Take Triple Cheese Mac for example, a great-tasting recipe designed by our in-house chefs using real ingredients. The Mac is cooked from scratch, fortified with a blend of 40 essential vitamins and minerals, then freeze-dried. It’s as simple as that. We then pack 10 servings into a sealed #10 can, creating the world’s most nutrient-dense survival food with a 25-year shelf life.

 

Why Essential Nutrients Matter

Nutrient density measures the nutritional content of a particular food based on the specific nutrient weight per calorie. To put it simply, foods with significant nutrient content for the amount of calories they contain are considered nutrient-dense. For most of our competitors and other foods marketed as “survival,” calorie count is given far too much attention. We should be focusing on the calorie quality and what they are doing to help our bodies thrive in situations where energy and health are paramount. Just surviving on calories alone doesn’t cut it.


Nutrients are broken into two categories: essential and non-essential. Essential nutrients are those vitamins and minerals that our bodies cannot naturally create, so they must be obtained from food. Consuming food high in these nutrients results in better moods, more restful sleep, and an overall greater mental well-being. It’s impossible to rely on calories alone to perform at your best in stressful situations.

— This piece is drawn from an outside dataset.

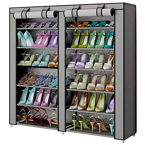 BAKAJI Sko Sko Garderob 7 Hyllor 115x30x110cm Upp till 36 Par Skor Stål Struktur och TNT Tyg Beläggning Vattentät Med Zip Stängning Dammtät (Grå)

Have you ever actually reviewed the nutritional content for other freeze-dried food brands? Most entrees and survival meals disclose no more than 4 or 5 nutrients per serving on their nutrition facts panel while packing on several hundred empty calories. You’ll be forced to consume high amounts of calories just to meet your daily nutritional needs, leaving you mentally and physically inadequate.

Nutrient Survival was developed to upend the survival food industry with freeze-dried foods that pack 40 essential vitamins and minerals into every delicious serving. In survival situations, our bodies need calories that maximize nutritional impact and keep us performing optimally. On top of the health benefits, Nutrient Survival meals deliver a great taste with convenient, easy-to-prepare recipes. Most of the time, all you need to do is add water. Don’t let the allure of chicken teriyaki with rice or cookie dough snacks fool you into consuming empty calories that provide little value. Make the right choices for you and your family so you are prepared for every situation.